**EXERCISE:** The response should hold each line from the entries below where "cuisine" is found.

**EXTRACTED INFORMATION:**
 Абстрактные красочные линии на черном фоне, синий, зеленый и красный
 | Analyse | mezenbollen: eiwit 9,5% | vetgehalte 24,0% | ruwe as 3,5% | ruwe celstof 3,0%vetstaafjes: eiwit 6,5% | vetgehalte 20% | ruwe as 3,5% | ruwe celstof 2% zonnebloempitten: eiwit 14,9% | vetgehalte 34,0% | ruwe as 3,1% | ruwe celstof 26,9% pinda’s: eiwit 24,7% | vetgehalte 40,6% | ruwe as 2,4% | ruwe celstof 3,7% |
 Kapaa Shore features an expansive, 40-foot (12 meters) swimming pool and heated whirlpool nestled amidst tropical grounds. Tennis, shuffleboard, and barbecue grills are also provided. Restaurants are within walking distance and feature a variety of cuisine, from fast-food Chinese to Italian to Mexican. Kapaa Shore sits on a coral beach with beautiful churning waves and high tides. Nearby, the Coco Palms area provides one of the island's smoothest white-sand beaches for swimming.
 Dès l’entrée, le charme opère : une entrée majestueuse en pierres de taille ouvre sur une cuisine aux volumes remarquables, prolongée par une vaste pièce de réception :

* * *

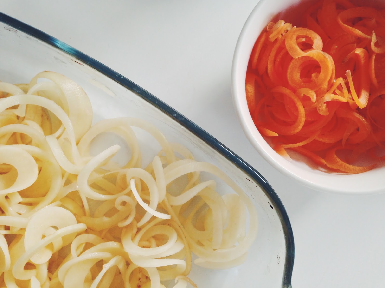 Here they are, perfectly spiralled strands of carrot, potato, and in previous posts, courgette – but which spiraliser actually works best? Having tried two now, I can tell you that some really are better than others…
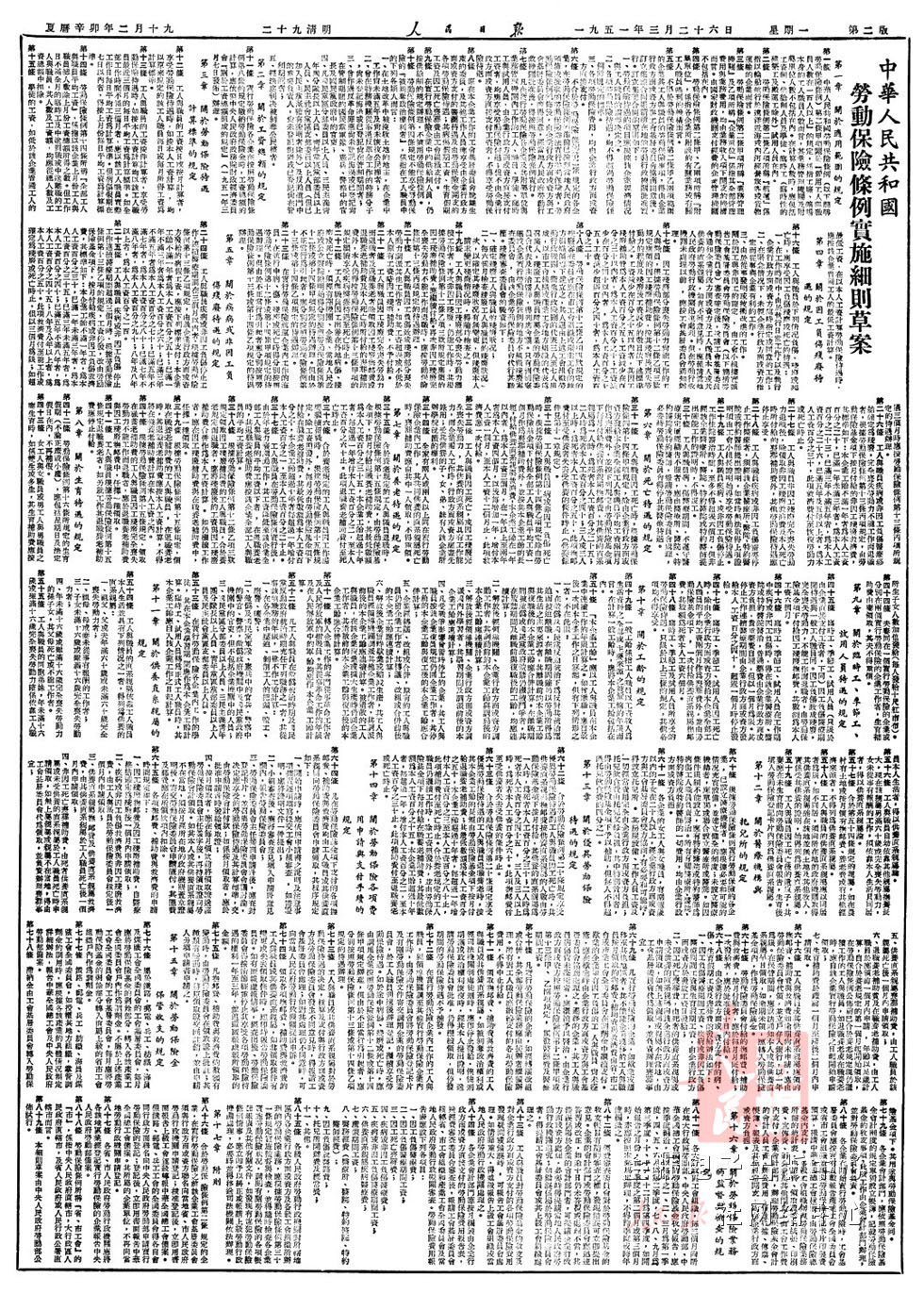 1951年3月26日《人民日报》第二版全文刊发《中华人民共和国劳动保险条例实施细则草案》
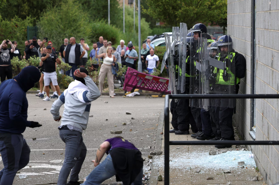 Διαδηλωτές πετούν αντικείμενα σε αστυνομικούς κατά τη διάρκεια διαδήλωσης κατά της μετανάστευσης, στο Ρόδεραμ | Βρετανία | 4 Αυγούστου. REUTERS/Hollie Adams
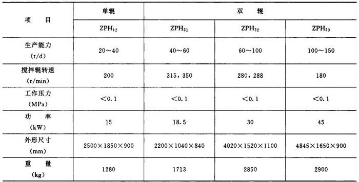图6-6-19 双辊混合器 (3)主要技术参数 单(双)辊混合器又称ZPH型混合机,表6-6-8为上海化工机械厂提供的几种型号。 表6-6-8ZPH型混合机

**RESULT FOR THIS EXERCISE:**
 Kapaa Shore features an expansive, 40-foot (12 meters) swimming pool and heated whirlpool nestled amidst tropical grounds. Tennis, shuffleboard, and barbecue grills are also provided. Restaurants are within walking distance and feature a variety of cuisine, from fast-food Chinese to Italian to Mexican. Kapaa Shore sits on a coral beach with beautiful churning waves and high tides. Nearby, the Coco Palms area provides one of the island's smoothest white-sand beaches for swimming.
 Dès l’entrée, le charme opère : une entrée majestueuse en pierres de taille ouvre sur une cuisine aux volumes remarquables, prolongée par une vaste pièce de réception :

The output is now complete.